▼

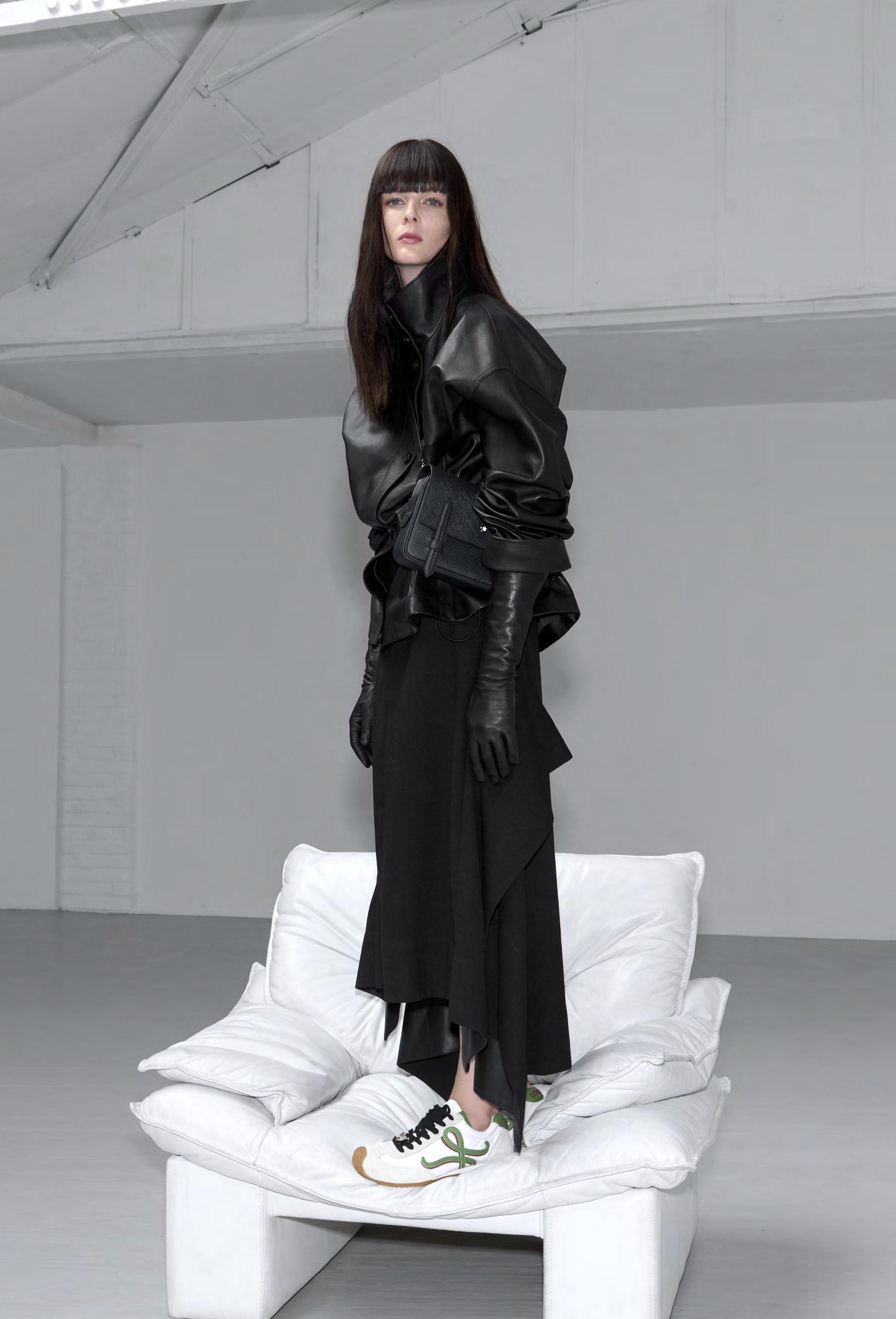 se contrae como una presencia viva. El cuero traza líneas precisas. Aquí, el poder es una composición: el diálogo entre materia y vacío, entre el gesto y lo que queda después.
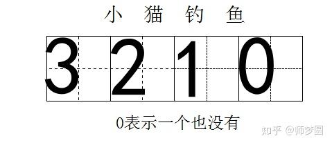 (1)、猫小弟一条鱼也没钓到,我们可以用数字0表示。
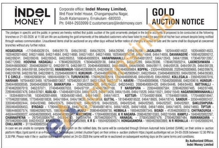 Indel money ltd Gold Auctions Auction in Ernakulam
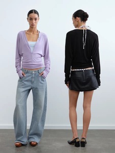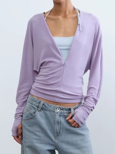 “78%莱赛尔天丝18%棉羊毛”V领隐形拉链蝙蝠袖针织打底长袖上衣
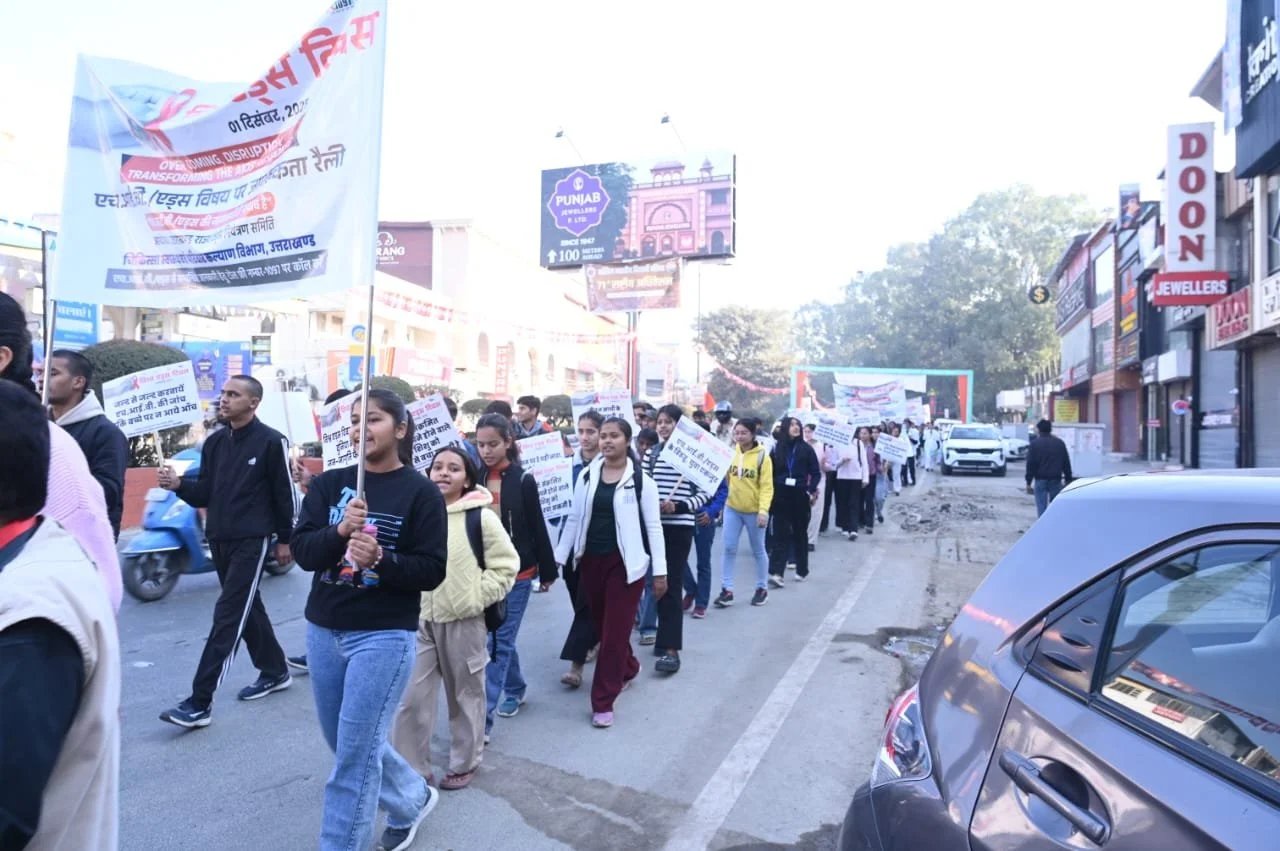 रैली गांधी पार्क से प्रारंभ होकर घंटाघर, दर्शनलाल चैक, दून चैक, बुद्धा चैक, परेड ग्राउंड से गुजरते हुए पुनः गांधी पार्क में सम्पन्न हुई। मार्गभर छात्रों, सामाजिक संगठनों, स्वयंसेवियों और नागरिकों ने एचआईवी/एड्स के प्रति जागरूकता फैलाने वाले नारे, पोस्टर और बैनर के माध्यम से जनसंदेश दिया। लोगों को सुरक्षित व्यवहार, संक्रमण के कारणों और उपलब्ध उपचार के बारे में जानकारी देते हुए प्रतिभागियों ने समाज को वैज्ञानिक तथ्यों से अवगत कराया।
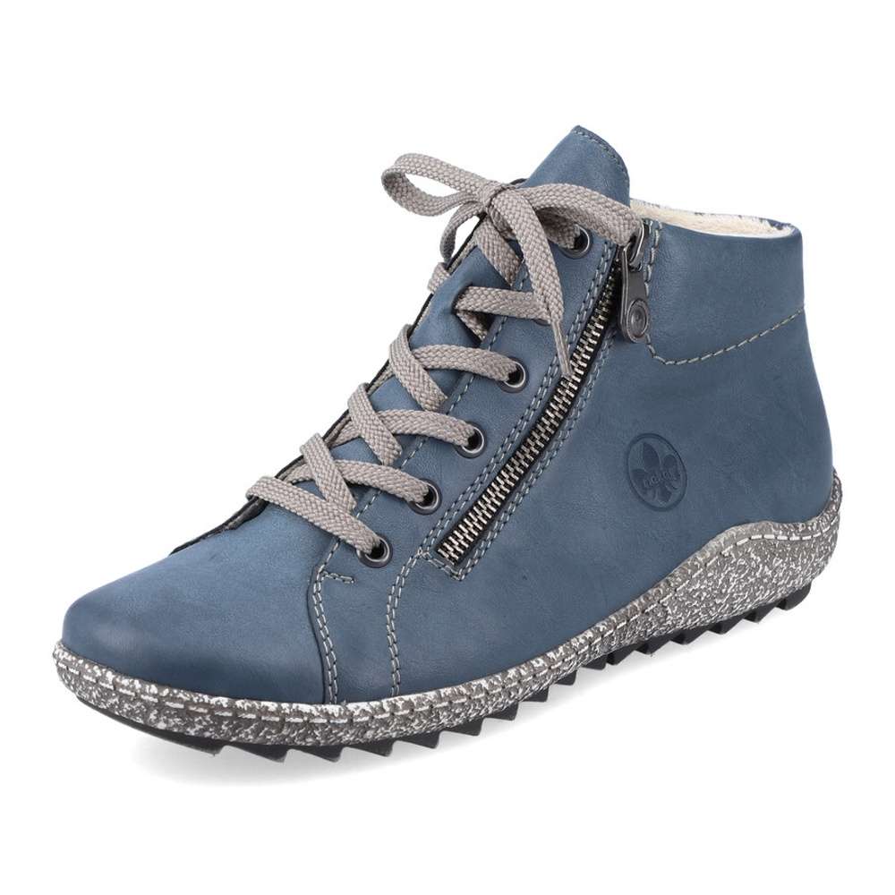 Úžasný dámský kotník značky RIEKER vyniká nad ostatní svou barvou. Svršek Krásný modrý svršek je zdobný vytlačeným logem značky a kontrastním prošíváním. Šněrováním šedými tkaničkami a funkčním zipem si pak upravíte obuv přímo k Vaší noze. Stélka Podšívka i vyjímatlená stélka jsou vyrobeny z hřejivého materiálu, který zajistí potřebný komfort i v chladných dnech. Podešev Kontrastní podešev dolaďuje celkový vzhled obuvi k dokonalosti a v nejvyšším místě je vysoká cca 3,3 cm. Díky technologii Antistress je podešev lehká, flexibilní, absorbuje nárazy při došlapu a snadno se přizpůsobí každé noze. Ať už je obujete na procházku nebo do města, nebudete litovat, nikdy Vás nezklamou. Technologie: Antistress
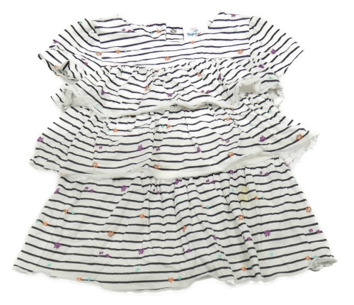Bílo-černé pruhované volánkové šaty s kytičkami Topomini
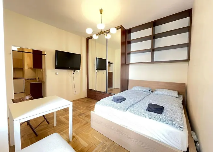 Obiekt oferuje również pełnowymiarową kuchnię z lodówką i piekarnikiem. Dworzec autobusowy Kozminska 01 znajduje się w odległości 10-minutowego spaceru od apartamentu o powierzchni 27 m².
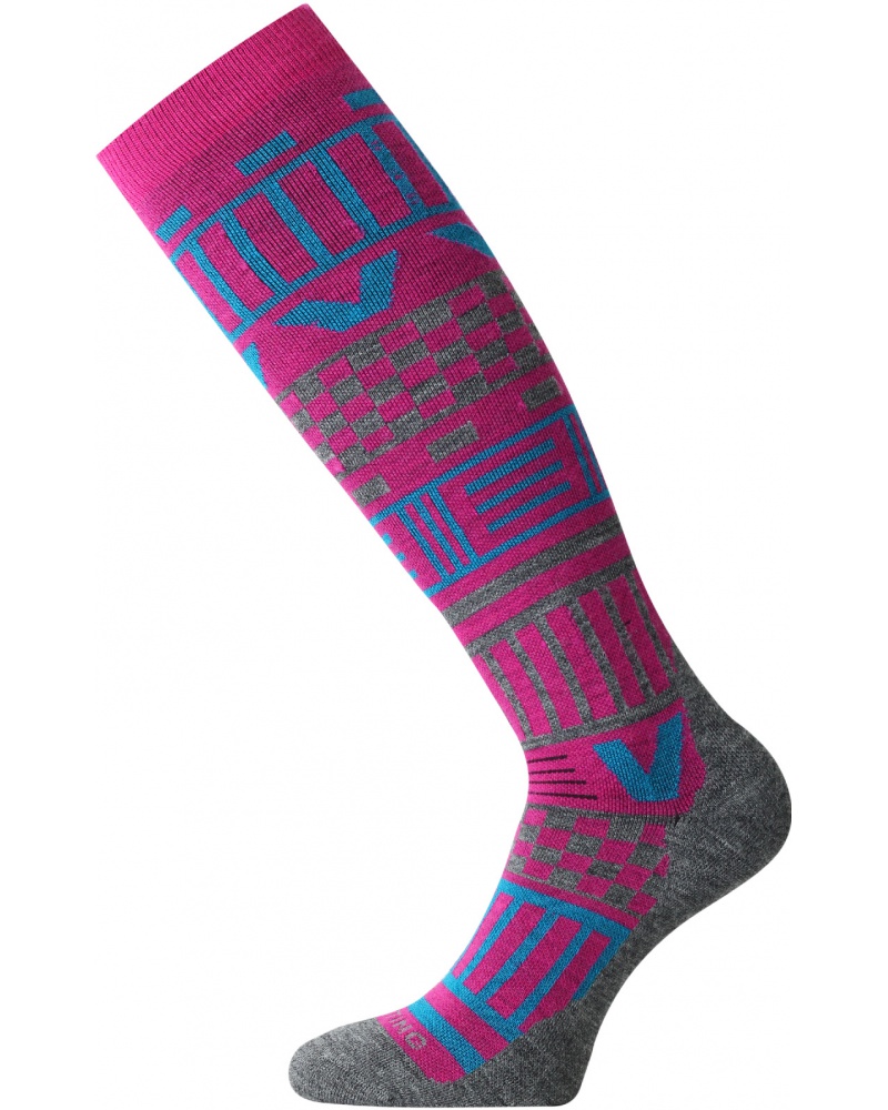 Lyžařské ponožky Lasting SLA 408 jsou vyrobené z měkké merino vlny, která poskytuje skvělou tepelnou izolaci a přirozenou schopnost odvádět vlhkost. Jednovrstvý plyš zaručuje pohodlí po celý den, zatímco zesílené zóny chodidla, špičky, holeně a Achillovy paty zvyšují odolnost a chrání nohy před otlaky. Jemný šev špičky a lehké stažení lemu zajišťují maximální komfort i při delším nošení. V nadnártní části je zóna podporující dopředný náklon, která zlepšuje stabilitu při jízdě na lyžích. Tyto ponožky nabízejí vysokou odolnost proti opotřebení a výborné termoizolační vlastnosti.
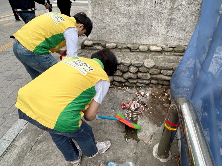 | ▲ 지난 21일 신천지자원봉사단 동작지부가 여의대방로 일대에서 거리 청소 봉사 활동을 진행한 가운데 자원봉사자들이 대림사거리 인근에서 쓰레기를 수거하고 있다. [사진제공 = 신천지자원봉사단 동작지부] |
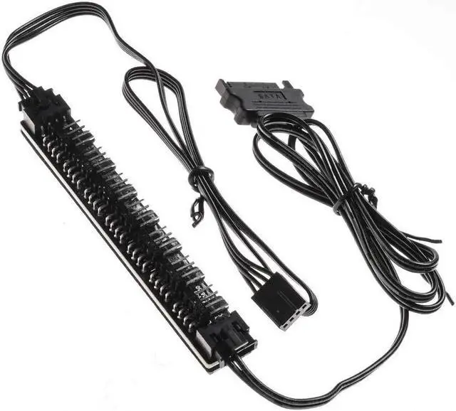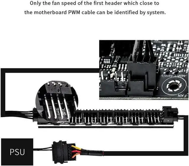 1-to-7 PWM Fan HubThe fan hub splitter can support up to 7 fans. The extension cable offers greater flexibility between motherboard and CPU cooling fans.
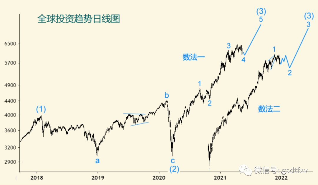 全球投资趋势自2009年3月以来展开循环浪V——(I)浪V最后阶段炒作汽车股,(III)浪III最后阶段炒作科网股,(III)浪V最后阶段炒作加密货币,非常合理及符合事实。在笔者看来,这是唯一数浪方式,其中V浪(1)由2009年3月低位升至2018年初,比特币于2017年底见顶,其他加密货币于2018年初见顶并非偶然。接着是V浪(2),一个不规则平台,其中2018年初跌至年底为(2)浪a,2018年底升至2020年2月为(2)浪b,之后急跌至3月为(2)浪c。2020年3月低点展开V浪(3)。
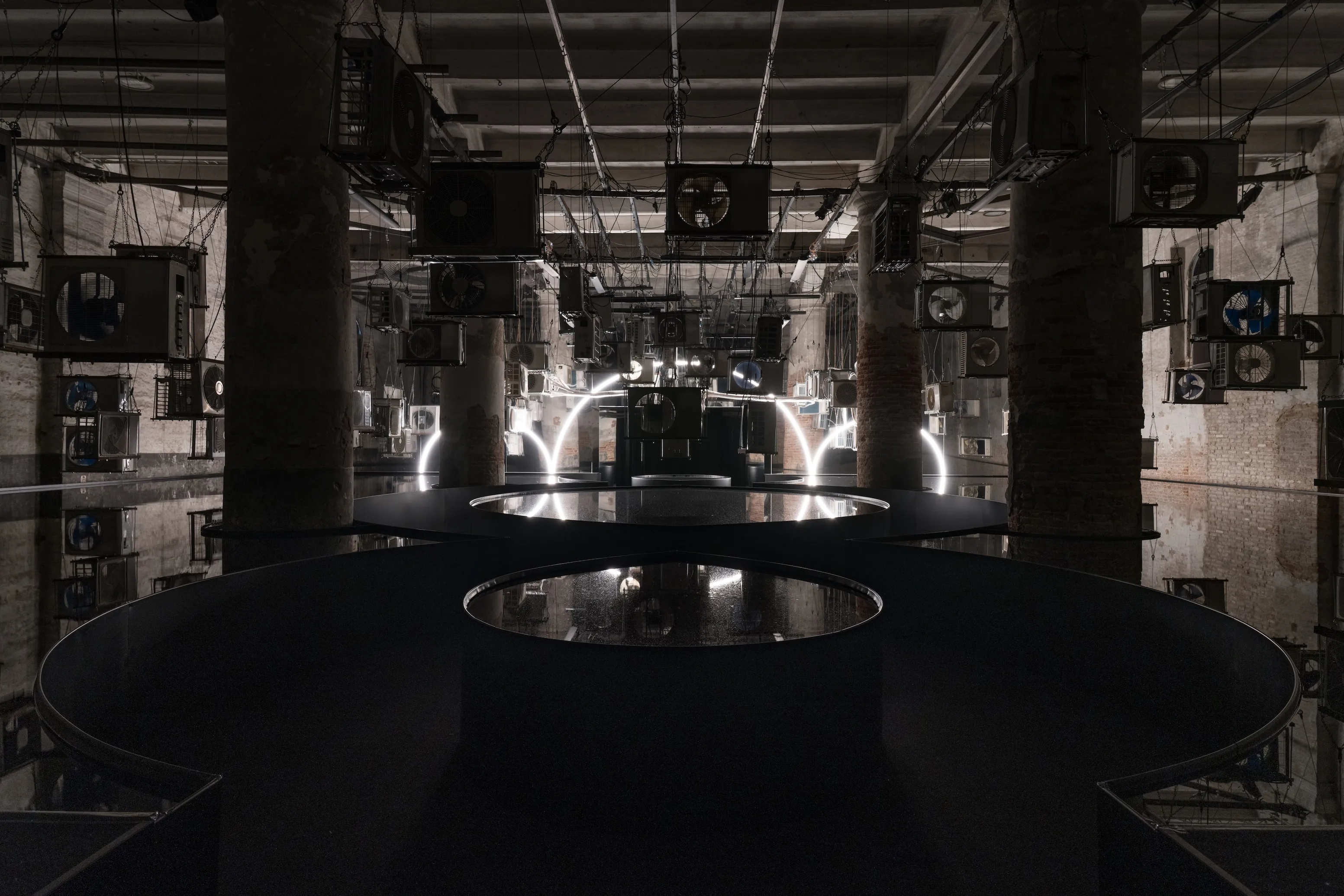 Cittadellarte ha inaugurato la Biennale Architettura 2025 con The Third Paradise Perspective, installazione collocata nella prima sala delle Corderie dell’Arsenale: luogo delle intenzioni, delle dichiarazioni, dei manifesti. Il pubblico è accolto in un ambiente immersivo e visionario: una sala allagata in cui l’acqua raggiunge i 70 cm, proiezione del livello marino previsto a Venezia nel 2100 secondo gli studi scientifici presentati in mostra. Attraverso questo scenario quasi distopico si estende un passaggio calpestabile a forma di Terzo Paradiso, simbolo creato da Michelangelo Pistoletto nel 2003 e divenuto, per questa Biennale, soglia fisica e concettuale. Infatti, il percorso luminoso dell’opera introduce il visitatore al cuore della mostra, proponendo un nuovo equilibrio tra natura e artificio.

▲

#### [EXERCISE BRIEF]
What you return must match, line for line, the span from the line containing "신천지자원봉사단 동작지부] |" through the last line of the listing above, with every picture omitted.

#### [RESPONSE FOR THIS EXERCISE]
 | ▲ 지난 21일 신천지자원봉사단 동작지부가 여의대방로 일대에서 거리 청소 봉사 활동을 진행한 가운데 자원봉사자들이 대림사거리 인근에서 쓰레기를 수거하고 있다. [사진제공 = 신천지자원봉사단 동작지부] |
 1-to-7 PWM Fan HubThe fan hub splitter can support up to 7 fans. The extension cable offers greater flexibility between motherboard and CPU cooling fans.
 全球投资趋势自2009年3月以来展开循环浪V——(I)浪V最后阶段炒作汽车股,(III)浪III最后阶段炒作科网股,(III)浪V最后阶段炒作加密货币,非常合理及符合事实。在笔者看来,这是唯一数浪方式,其中V浪(1)由2009年3月低位升至2018年初,比特币于2017年底见顶,其他加密货币于2018年初见顶并非偶然。接着是V浪(2),一个不规则平台,其中2018年初跌至年底为(2)浪a,2018年底升至2020年2月为(2)浪b,之后急跌至3月为(2)浪c。2020年3月低点展开V浪(3)。
 Cittadellarte ha inaugurato la Biennale Architettura 2025 con The Third Paradise Perspective, installazione collocata nella prima sala delle Corderie dell’Arsenale: luogo delle intenzioni, delle dichiarazioni, dei manifesti. Il pubblico è accolto in un ambiente immersivo e visionario: una sala allagata in cui l’acqua raggiunge i 70 cm, proiezione del livello marino previsto a Venezia nel 2100 secondo gli studi scientifici presentati in mostra. Attraverso questo scenario quasi distopico si estende un passaggio calpestabile a forma di Terzo Paradiso, simbolo creato da Michelangelo Pistoletto nel 2003 e divenuto, per questa Biennale, soglia fisica e concettuale. Infatti, il percorso luminoso dell’opera introduce il visitatore al cuore della mostra, proponendo un nuovo equilibrio tra natura e artificio.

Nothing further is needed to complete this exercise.